Sunday, March 29, 2015

"Angel Band" -- a bluegrass gospel tune for Clayville's jam session on Saturday of Holy Week

Since our first Saturday show-jam session at Clayville Historic Site falls during Holy Week this year, let's lead it off with a classic bluegrass gospel number called "Angel Band." It's probably most widely known from Ralph Stanley's vocal in the Cohen Brothers movie O Brother Where Art Thou, but it's an old, old gospel song that got into the shape-note tradition as early as the 1860s.

Lead sheets in D at http://www.everythingdulcimer.com/files/tab/angel_band.pdf. They're dulcimer tab, but they have the melody in standard notation and guitar chords.
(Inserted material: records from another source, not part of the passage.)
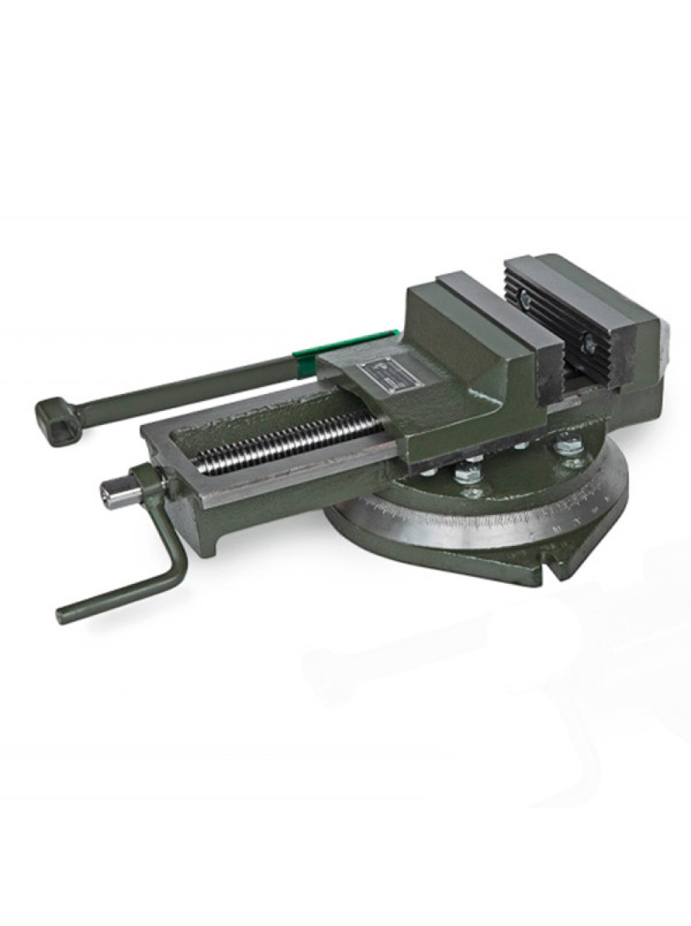- Шкала, нанесенная на основание тисков, для точного определения угла поворота;
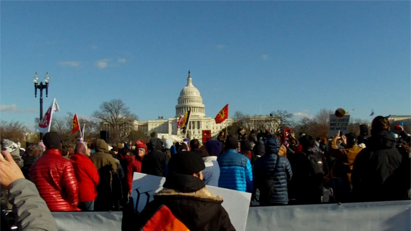 After the rally at the US Capitol, marchers proceeded to the EPA's headquarters on 12th st, just across 12th st from Trump Hotel. While there were probably few people on duty at EPA, Trump Hotel is reported to be filling up with right-wingers who have business with the incoming Trump administration. Shortly after the conclusion of this rally, the Leonard Peltier Defense committee held a vigil on the south side of the White House demanding the release of Leonard Peltier. This had also been a demand of the march, in which members of Leonard's family had taken part.
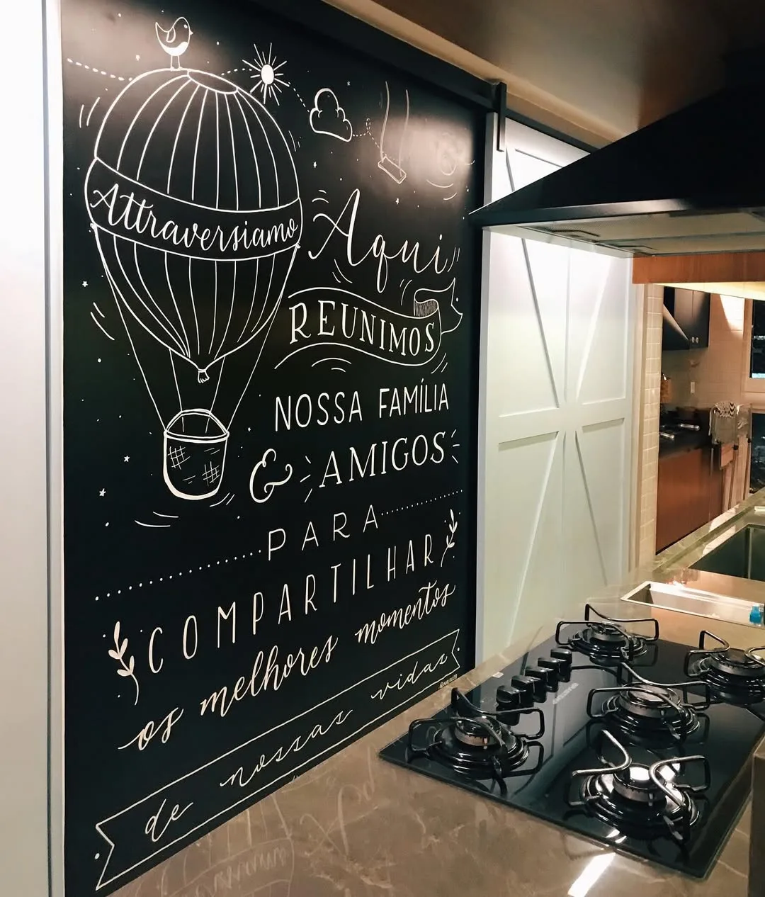 Cozinha com parede de lousa preta, desnehos e receitas próximo do fogão.

Watch this space for details on next month's "Fake It Till You Make It" workshop from 10 a.m. to 1 p.m. Saturday, April 18, in the barn at Clayville Historic Site, Ill. 125, Pleasant Plains. Part of the Clayville Pioneer Academy of Music program, this beginner-friendly workshop will feature basic jam session skills for beginning and novice players.


Here's Ralph Stanley singing "Angel Band," in the finale of the Down From the Mountain concert that was held in 2001 in conjunction with recording a soundtrack to go with the movie. Joining him on the chorus in Nashville's Ryman Auditorium, along with many, many others who were involved with the movie, are Emmy Lou Harris, Gillian Welch, Alison Krauss, the Fairfield Four and John Hartford on fiddle, who emceed the concert.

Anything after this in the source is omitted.